**Stored data entries:**
▼▼▼
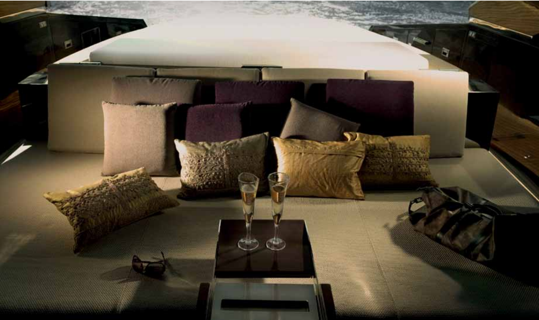
Veliko sjedište u kokpitu presvučeno posebnom tkaninom ima nesputan pogled na okolinu, te je idealno mjesto za provođenje vremena na otvorenom

platforma, koja je idealna za morske aktivnosti, a u sebi krije spremišta za bokobrane i mostić sa stubama koji služi za ulazak u brod, ali i za silazak u more. U bočnim stijenkama kokpita mnogobrojna su spremišta, izvedena kao ladice ili pretinci te dva hladnjaka, a tu su skrivene i stube za izlazak na pramac. Cijeli prostor izuzetno je skladno dizajniran s mnogo osjećaja za detalje. Primjerice, vitlima za pritezanje krmene užadi upravlja se pomoću vješto skrivene papučice, izrađene od nehrđajućeg čelika i tikovine; nisam siguran je li taj detalj ljepši ili praktičniji. Na prvi pogled ćete se iznenaditi kada uz donji rub kokpita ugledate more, koje se vidi kroz bočne prozore, a i drugih detalja koji će vam privući pozornost zaista ima u izobilju, poput hvatišta Sea Smart za bokobrane. Pristup pramcu jednostavan je i siguran, što smo isprobali i na valovitu moru, a taj dio broda krije neočekivanu oazu za uživanje u privatnosti: naime paluba je izvedena konkavno i prekrivena tikovinom, što joj neprimjetno daje udobnost za boravak na tom, prema našem mišljenju itekako atraktivnom brodskom prostoru. Na vrhu pramca nalazi se radni prostor u kojem je smještena konzola sa sidrom, koja se - kao na jedrilicama - hidraulički izvlači vani, te nadvisuje oštar pramac. Cijeli eksterijer plovila osmišljen je kao skladna i jednostavna cjelina za uživanje. Iako vanjština obiluje nesvakidašnjim i estetski izuzetno doradenim detaljima, interijer ipak
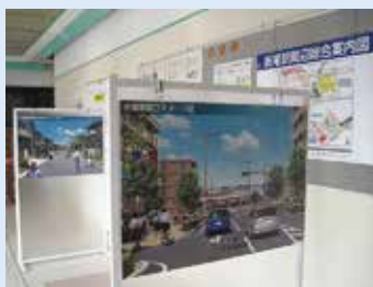
将来イメージポスター
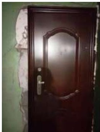
Фото №1. Входная дверь
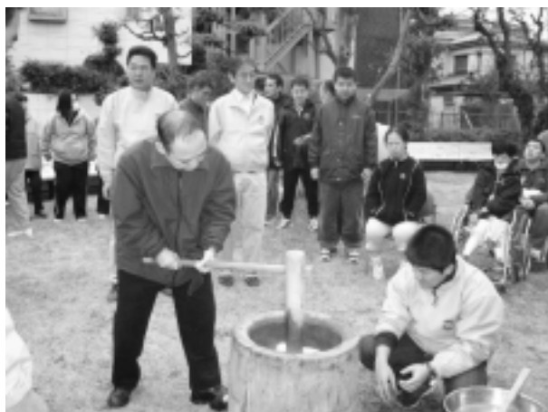
2007年1月 福祉もちつきをつどい ふじみ園にて

川崎労福協は、パートナーシップの諸活動（文化サロンやコンサート）などの活用とともに、労福協会員・勤労者の立場でパートナーシップの活動に意見反映できればと考えています。
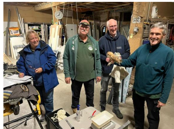
en een deel van de enthousiaste werkgroepleden .....
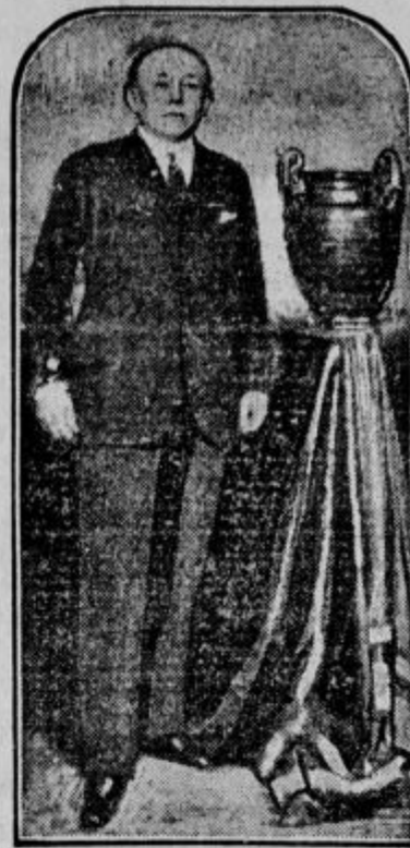
Poljski poslanik v Parizu,

Ozrla se je name solznih oči ter ilte povedala, da sva jo postavila ravno na hidrant ter da je prišel nekdo od mestnega vodovoda ter hišico pometal v kot, da je mogel do cevi.
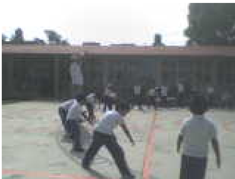
Adoptan diversas posturas
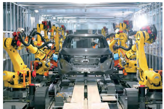
▲ Chế tạo ô tô
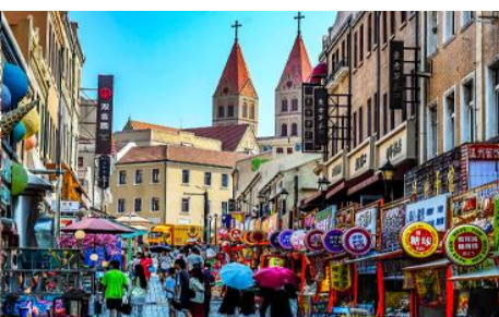
ถนนวงเวียน
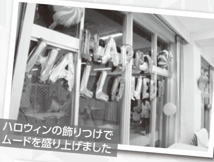
ハロウィンの飾りつけでムードを盛り上げました

クリスマスパーティーの会場となった体育館では、学生による演奏(ピアノ・フルート)や、教職員による演奏(ピアノ・バイオリン・ヴィオラ)もあり、笑顔が溢れた2日間となりました。
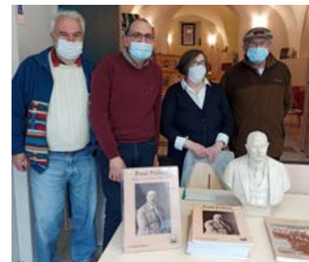
Présentation de l'ouvrage « Paul PELISSE » édité par les Amis de Paulhan

PROCHAINE EXPO DU 6 AU 31 JUILLET «ANIMAGOÛ» PRESENTE DES IMAGES DU MONDE AQUATIQUE REGIONAL PHOTOS DE PHILIPPE CARRIERE
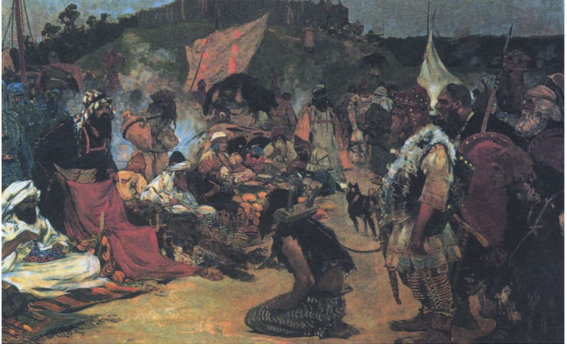
Erken ortaçağ döneminde Kuzay Avrupa Topraklarında bir köle pazarı.
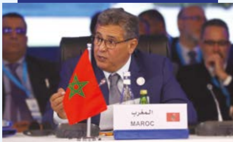
MR. AZIZ AKHANNOUCH MINISTRE DE L'AGRICULTURE, DE LA PÊCHE MARITIME, DU DÉVELOPPEMENT RURAL ET DES EAUX ET FORÊTS (ROYAUME DU MAROC)

“ Avec l'initiative de la Ceinture Bleue, le Royaume clame sa conviction que la pêche et l'aquaculture peuvent constituer un modèle de durabilité générateur de valeur et d'emplois face aux défis des changements climatiques. ”
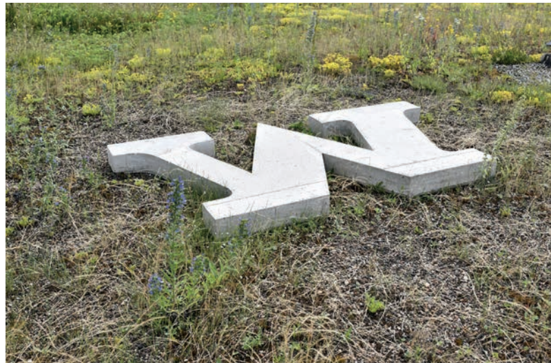
„M“ aus dem Schriftzug/Logo „MECHANO“. Dokumentation ausgegossener „Blechkasten“ vom Neonschriftzug. Terrasse 3. Stock.
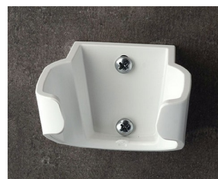
B2904037 Holder L ASA (UL 94 HB) traffic white RAL 9016
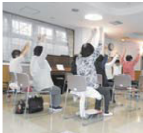
▲前回の体操の様子
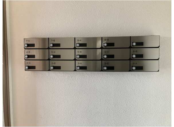
6.集合ポスト・看板
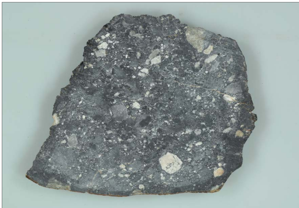
Meteoritten DAG 400, som er den største kjente månemeteoritten så langt.
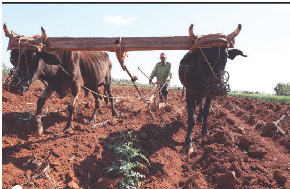
PEQUEÑAS PARCELAS de tierra son surcadas con tracción animal
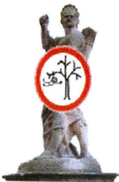
Hřiště u zámku KOUNICE
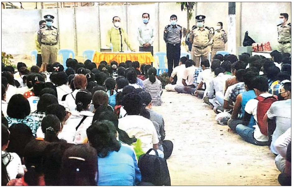
ဖြစ်ပြီး ယနေ့နံနက်ပိုင်းတွင် ရန်ကုန်တိုင်းဒေသကြီး စီမံအုပ်ချုပ်ရေးကောင်စီ၏ စီစဉ်ပေးမှုဖြင့် တိုင်းဒေသကြီး သယ်ယူပို့ဆောင်ရေး ကြီးကြပ်ကွပ်ကဲမှု အာဏာပိုင်အဖွဲ့ (YRTA)မှ YBS မော်တော်ယာဉ်ကြီး ကိုးစီးဖြင့် ချက်အရ သိရသည်။ မြန်မာနိုင်ငံရဲတပ်ဖွဲ့၏ သတင်းထုတ်ပြန်ချက်အရ သိရသည်။ သတင်းစဉ်

ရန်ပြုလာပြီး လုံခြုံရေးတပ်ဖွဲ့အနေဖြင့် နီးကပ်စွာထိပ်တိုက်ရင်ဆိုင်ကာ ရန်ပြုခံရသည့်အခြေအနေသို့ ရောက်ရှိလာခဲ့သဖြင့် နိုင်ငံတော်နှင့် ပြည်သူ့လူထု၏ အကျိုးစီးပွားကို ဦးတည်ပြီး မဖြစ်မနေ ထိန်းသိမ်းရန်လိုအပ်သဖြင့် ဥပဒေနှင့်အညီ ခေတ္တထိန်းသိမ်းခဲ့ရသည်။ ထိုကဲ့သို့ ထိန်းသိမ်းထားသူများမှာ ကမာရွတ်မြို့နယ် လှည်းတန်း၊ သာကေတ၊ တာမွေစမ်းချောင်း၊ တောင်ဥက္ကလာပ၊ ဒဂုံမြို့သစ် (မြောက်ပိုင်း)၊ လှိုင်၊ ကျောက်တံတား၊ ဗိုလ်တထောင်၊ မရမ်းကုန်း၊ ဗဟန်း၊ မြောက်ဥက္ကလာပ၊ မင်္ဂလာတောင်ညွန့်၊ သစ်ခဲးကျွန်း၊ ကြည့်မြင်တိုင်မြို့နယ်များမှ အမျိုးသား ၂၂၄ ဦး၊ အမျိုးသမီး ၂၈၇ ဦး၊ စုစုပေါင်း ၅၁၁ ဦးတို့
▲▲▲
**Problem statement:**
An exact copy of the lines from the one with "MR. AZIZ AKHANNOUCH" through the end of the records: produce that and nothing more, leaving out the pictures.

**Your response:**
MR. AZIZ AKHANNOUCH MINISTRE DE L'AGRICULTURE, DE LA PÊCHE MARITIME, DU DÉVELOPPEMENT RURAL ET DES EAUX ET FORÊTS (ROYAUME DU MAROC)

“ Avec l'initiative de la Ceinture Bleue, le Royaume clame sa conviction que la pêche et l'aquaculture peuvent constituer un modèle de durabilité générateur de valeur et d'emplois face aux défis des changements climatiques. ”
„M“ aus dem Schriftzug/Logo „MECHANO“. Dokumentation ausgegossener „Blechkasten“ vom Neonschriftzug. Terrasse 3. Stock.
B2904037 Holder L ASA (UL 94 HB) traffic white RAL 9016
▲前回の体操の様子
6.集合ポスト・看板
Meteoritten DAG 400, som er den største kjente månemeteoritten så langt.
PEQUEÑAS PARCELAS de tierra son surcadas con tracción animal
Hřiště u zámku KOUNICE
ဖြစ်ပြီး ယနေ့နံနက်ပိုင်းတွင် ရန်ကုန်တိုင်းဒေသကြီး စီမံအုပ်ချုပ်ရေးကောင်စီ၏ စီစဉ်ပေးမှုဖြင့် တိုင်းဒေသကြီး သယ်ယူပို့ဆောင်ရေး ကြီးကြပ်ကွပ်ကဲမှု အာဏာပိုင်အဖွဲ့ (YRTA)မှ YBS မော်တော်ယာဉ်ကြီး ကိုးစီးဖြင့် ချက်အရ သိရသည်။ မြန်မာနိုင်ငံရဲတပ်ဖွဲ့၏ သတင်းထုတ်ပြန်ချက်အရ သိရသည်။ သတင်းစဉ်

ရန်ပြုလာပြီး လုံခြုံရေးတပ်ဖွဲ့အနေဖြင့် နီးကပ်စွာထိပ်တိုက်ရင်ဆိုင်ကာ ရန်ပြုခံရသည့်အခြေအနေသို့ ရောက်ရှိလာခဲ့သဖြင့် နိုင်ငံတော်နှင့် ပြည်သူ့လူထု၏ အကျိုးစီးပွားကို ဦးတည်ပြီး မဖြစ်မနေ ထိန်းသိမ်းရန်လိုအပ်သဖြင့် ဥပဒေနှင့်အညီ ခေတ္တထိန်းသိမ်းခဲ့ရသည်။ ထိုကဲ့သို့ ထိန်းသိမ်းထားသူများမှာ ကမာရွတ်မြို့နယ် လှည်းတန်း၊ သာကေတ၊ တာမွေစမ်းချောင်း၊ တောင်ဥက္ကလာပ၊ ဒဂုံမြို့သစ် (မြောက်ပိုင်း)၊ လှိုင်၊ ကျောက်တံတား၊ ဗိုလ်တထောင်၊ မရမ်းကုန်း၊ ဗဟန်း၊ မြောက်ဥက္ကလာပ၊ မင်္ဂလာတောင်ညွန့်၊ သစ်ခဲးကျွန်း၊ ကြည့်မြင်တိုင်မြို့နယ်များမှ အမျိုးသား ၂၂၄ ဦး၊ အမျိုးသမီး ၂၈၇ ဦး၊ စုစုပေါင်း ၅၁၁ ဦးတို့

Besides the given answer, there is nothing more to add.